| ABOUT THIS EXERCISE |
Print, exactly and without pictures, the lines from the one where "Óculos solares e" appears down to the end of the entries.

(Stored dataset items)
##########
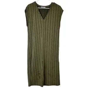 Zara Trafaluc Women's Green Brown Loose Fit Striped Shift Dress Size S
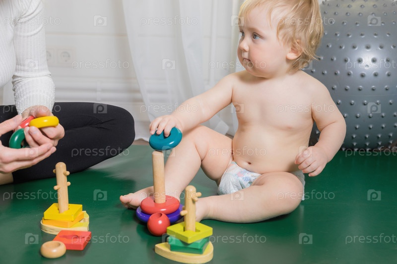 Малыш сидит на коврике, играет с мамой, собирает пирамидку
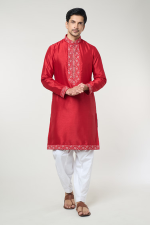 Cherry Red cotton silk based kurta, enhanced with floral thread and sequin emroidery, paired with an off white cotton based pathani pants.
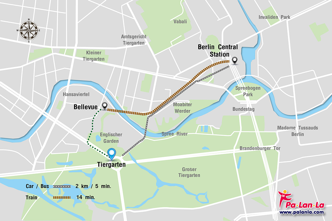 - รถไฟ (Train) จาก Berlin Central Station ขึ้นรถไฟสาย S ไปลงสถานี Bellevue และเดินต่อไปยัง Tiergarten ใช้เวลาโดยรวมประมาณ 14 นาที
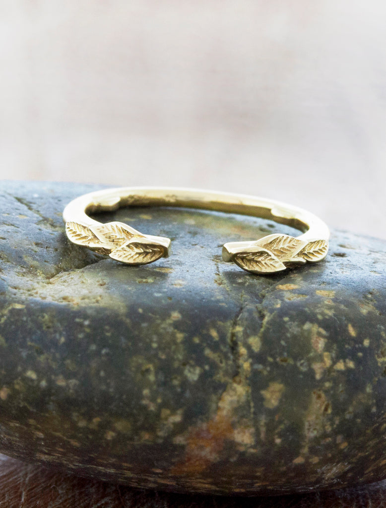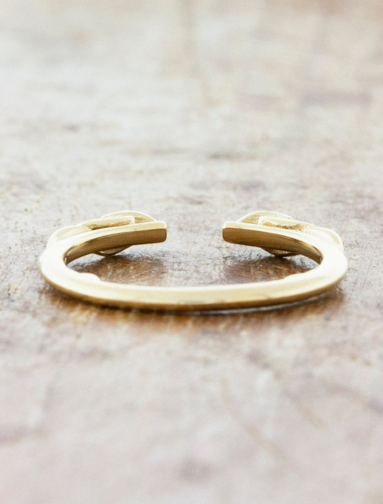This cuff-style ring is adorned with enchanting leaf-engraved accents, adding a touch of nature's beauty to your love story. Elo is the perfect companion for your engagement ring, especially a low profile setting, that effortlessly stacks to create a harmonious and elegant union.
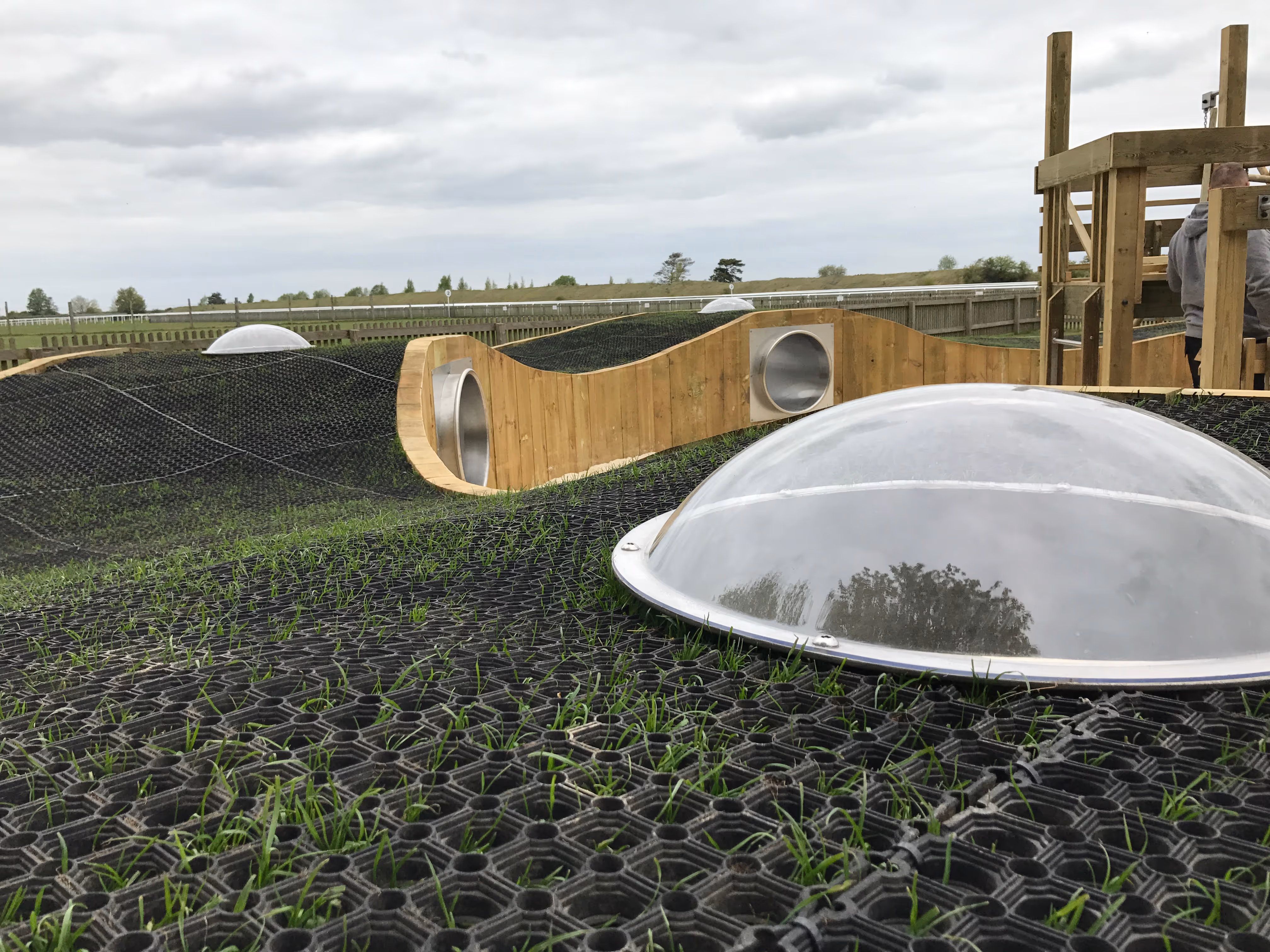 Working with Forma Landscapes for The Jockey Club, we created a natural, high-quality play area to enhance the visitor experience at one of the UK’s premier racecourses. The centrepiece is a striking multi-level tower combining timber and stainless steel, complete with climbing wall, scramble net, a 2.4m trough slide, and a dramatic 3.6m double-bend tunnel slide.
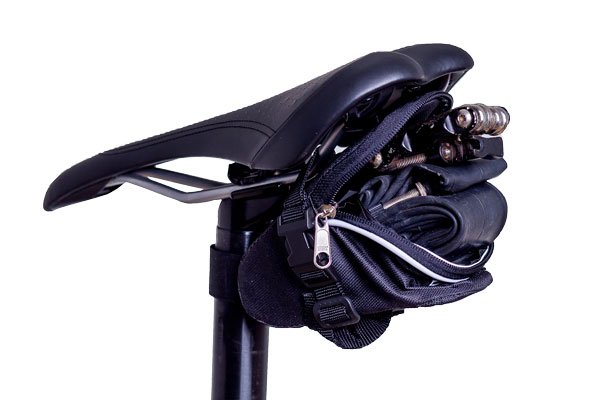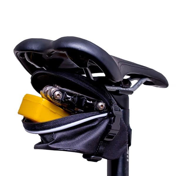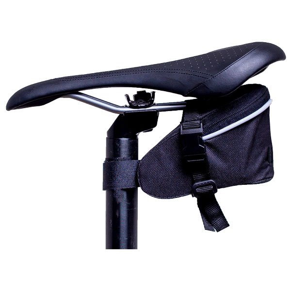 Com grande capacidade e fixação por fitas e fivelas de nylon é uma bolsa leve e prática com custo acessível. Possui fita para fixação de lanterna e é fixada no canote por fita de contato de alta aderência reforçados.
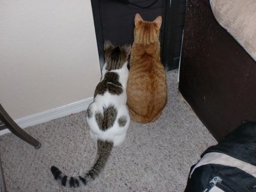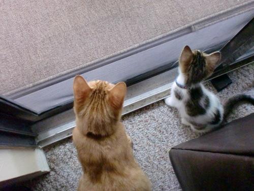 今朝、2匹が並んで外を見ていたので写真を撮りました。
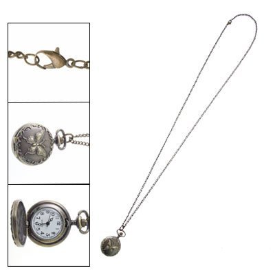 Color: Bronze Tone.Case Diameter: 1" Case Thickness, zero.3" Chain Length: 16.2".Design: Retro Style, Butterfly Pattern Case.Package Content : 1 x Bronze Tone Necklace Watch.Material: Chrome...Bronze Tone Butterfly Carved Case Pocket Chain Necklace Watch Features.
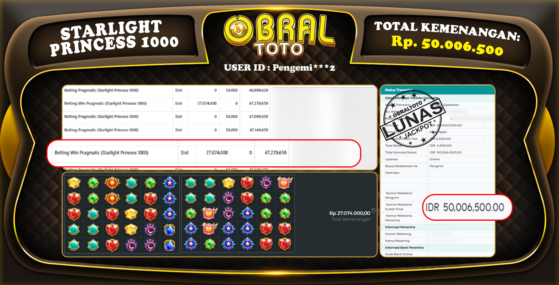 Bukti pembayaran lunas yang ditampilkan merupakan salah satu indikator bahwa situs OBRALTOTO adalah platform slot, togel, & casino yang sangat aman dan terpercaya. Dengan komitmen untuk membayar berapapun kemenangan yang diraih oleh para pemain, OBRALTOTO memastikan pengalaman bermain yang transparan dan memuaskan. Kepercayaan dan kenyamanan pemain adalah prioritas utama, sehingga setiap kemenangan Anda akan selalu dihargai dan dijamin secara penuh tanpa kendala.
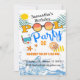 Óculos solares e água salgada dão a esta convite de festas de aniversário divertida uma sensação tropical.
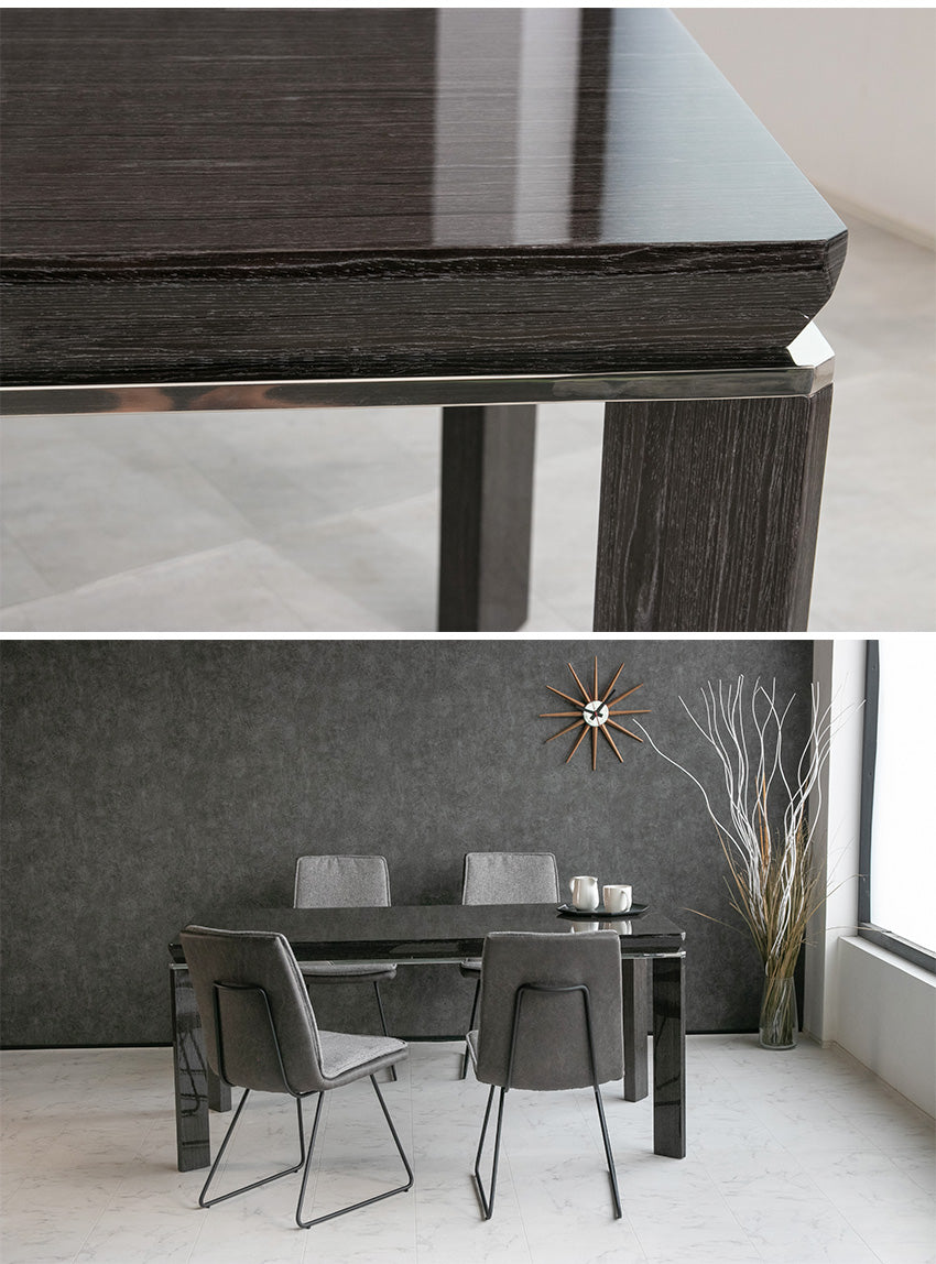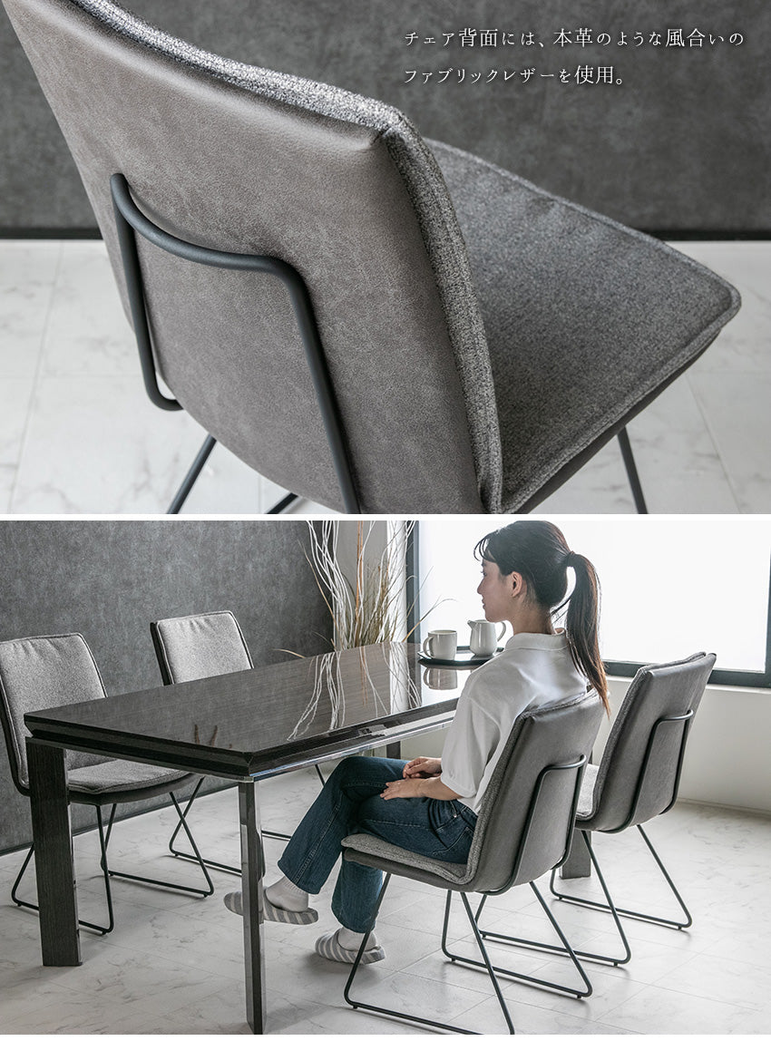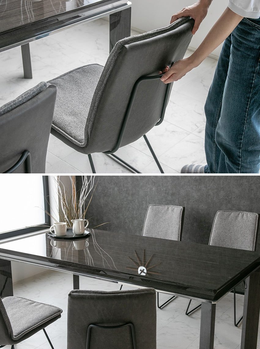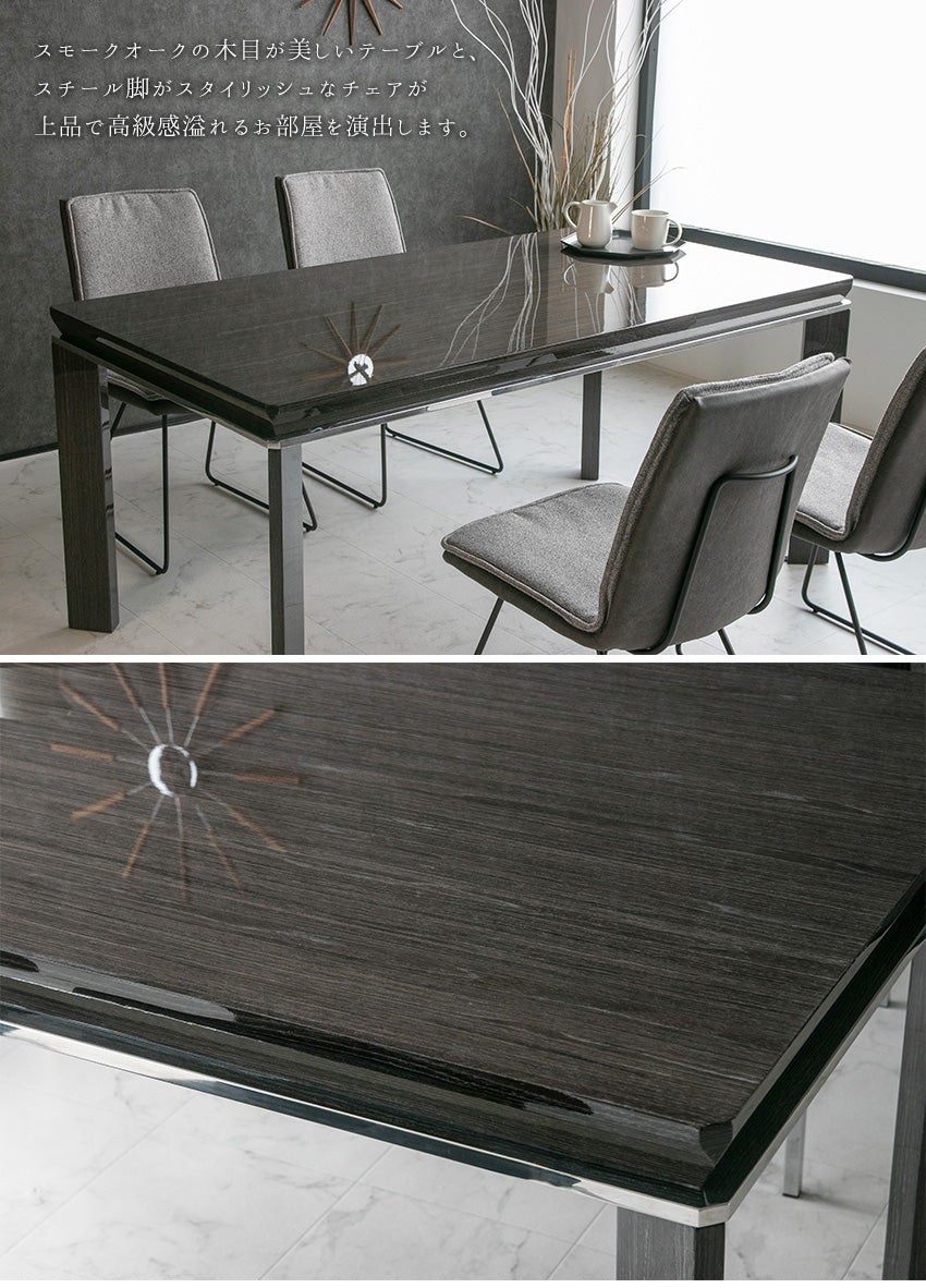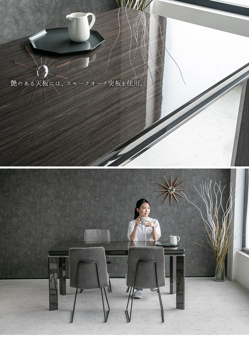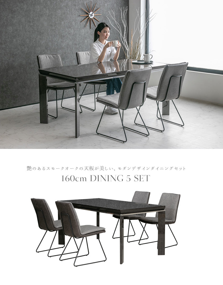 | 商品説明 | 艶のあるスモークオークの天板が美しい、160cm幅モダンデザインダイニングセット。 |
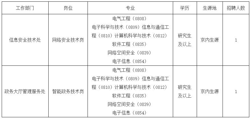 1.信息安全技術(shù)處:網(wǎng)絡(luò)安全技術(shù)崗工作人員1名(京內(nèi)生源研究生及以上應(yīng)屆畢業(yè)生)。專業(yè)為電氣工程(0808)、電子科學(xué)與技術(shù)(0809)、信息與通信工程(0810)、計(jì)算機(jī)科學(xué)與技術(shù)(0812)、軟件工程(0835)、網(wǎng)絡(luò)空間安全(0839)、電子信息(0854)。要求熟悉網(wǎng)絡(luò)安全和數(shù)據(jù)安全防護(hù)技術(shù)、法律法規(guī)和管理知識(shí),作風(fēng)正派、嚴(yán)謹(jǐn)細(xì)致、踏實(shí)肯干,責(zé)任心強(qiáng)、執(zhí)行力強(qiáng)、服務(wù)意識(shí)強(qiáng),具有較強(qiáng)的溝通協(xié)調(diào)能力和文字功底。
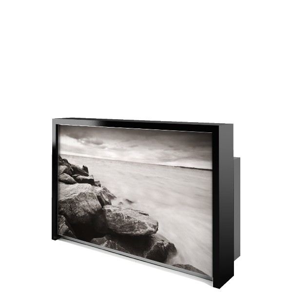 Стойка администратора, фасад выполнен из оргстекла с подсветкой и выбранным клиентом изображением, с рамой в черном глянцевом ламинате. Корпус и наполнение выполнены в ламинате белого цвета.
##########
| TASK RESULT |
 Óculos solares e água salgada dão a esta convite de festas de aniversário divertida uma sensação tropical.
 | 商品説明 | 艶のあるスモークオークの天板が美しい、160cm幅モダンデザインダイニングセット。 |
 1.信息安全技術(shù)處:網(wǎng)絡(luò)安全技術(shù)崗工作人員1名(京內(nèi)生源研究生及以上應(yīng)屆畢業(yè)生)。專業(yè)為電氣工程(0808)、電子科學(xué)與技術(shù)(0809)、信息與通信工程(0810)、計(jì)算機(jī)科學(xué)與技術(shù)(0812)、軟件工程(0835)、網(wǎng)絡(luò)空間安全(0839)、電子信息(0854)。要求熟悉網(wǎng)絡(luò)安全和數(shù)據(jù)安全防護(hù)技術(shù)、法律法規(guī)和管理知識(shí),作風(fēng)正派、嚴(yán)謹(jǐn)細(xì)致、踏實(shí)肯干,責(zé)任心強(qiáng)、執(zhí)行力強(qiáng)、服務(wù)意識(shí)強(qiáng),具有較強(qiáng)的溝通協(xié)調(diào)能力和文字功底。
 Стойка администратора, фасад выполнен из оргстекла с подсветкой и выбранным клиентом изображением, с рамой в черном глянцевом ламинате. Корпус и наполнение выполнены в ламинате белого цвета.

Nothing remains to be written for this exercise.